Lie Theory Through Examples 4
Posted by John Baez
This week in our seminar we’ll do some examples illustrating how a representation of a simply-connected complex simple Lie group $G$ gives rise to a function $d : L^* \to \mathbb{N}$ where $L^*$ is the ‘weight lattice’ of $G$. Wonderfully, this function completely determines the representation (up to equivalence).
In physics, the most famous example is the meson octet, corresponding to the obvious representation of $SU(3)$ on $sl(3,\mathbb{C})$. It looks like this…
Here we see 8 mesons classified according to their charge $q$ and strangeness $s$ — which are eigenvalues of two elements of $su(3)$ generating a maximal torus in $SU(3) \subset SL(3,\mathbb{C})$.

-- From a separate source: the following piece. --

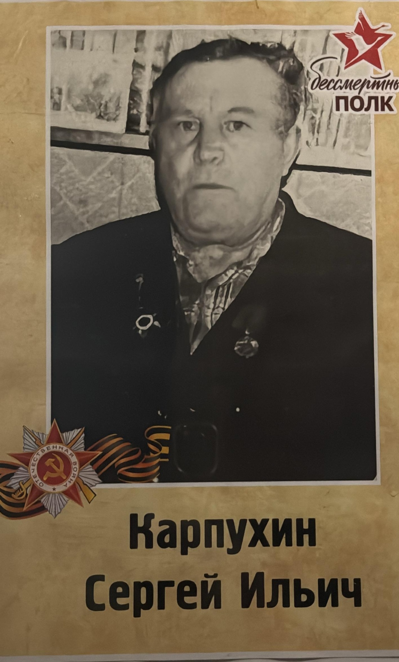 Карпухин Сергей Ильич родился 22.09.1922 г в семье крестьянина Ильи Ивановича Карпухина и Варвары Георгиевны Плечковой в селе Красная поляна Тетюшского кантона. Был единственным сыном из 7- х их детей. В том далеком 1941 году в составе команды из 5-и лыжников отправляется из Тетюшского райвоенкомата в распоряжение штаба 20 запасной стрелковой бригады г. Казани. В декабре того же года зачислен в списки 16 западного лыжного полка для дальнейшего прохождения службы. Не имея возможности двигаться из-за ранения, получает обморожение стоп обеих ног. Стопы пришлось ампутировать. Обмороженные пальцы рук удалось сохранить. Был комиссован. Вернулся домой к матери и сёстрам, приняв на себя все мужские обязанности в семье, так как отец его умер от ран в госпитале в январе 1945 года. За отвагу и мужество, проявленные на фронте награжден орденом Отечественной войны I степени.

It takes a bit of practice to turn this chart into a function from the hexagonal $A_3$ lattice to the natural numbers! Each particle counts for one. So, the 6 corners of the hexagon have $d = 1$, while the point in the middle, drawn as two points in this chart, has $d = 2$, since there are two mesons here with vanishing charge and strangeness: the neutral pion $\pi^0$ and the eta $\eta$. The total dimension of this representation is thus $6 + 2 = 8$ — the dimension of $sl(3,\mathbb{C})$.
Here are the lecture notes:
- Lecture 4 (Oct. 28) - Classifying representations using weights. The example of A_{1}, which corresponds to the group SU(2). The relation between SU(2) and SO(3), and their representations. The example of A_{2}, which corresponds to the group SU(3).
By the way, I rewrote last week’s notes.
Re: Lie Theory Through Examples 4
Nice lecture, but there’s a typo in the U(1) matrix on page 1.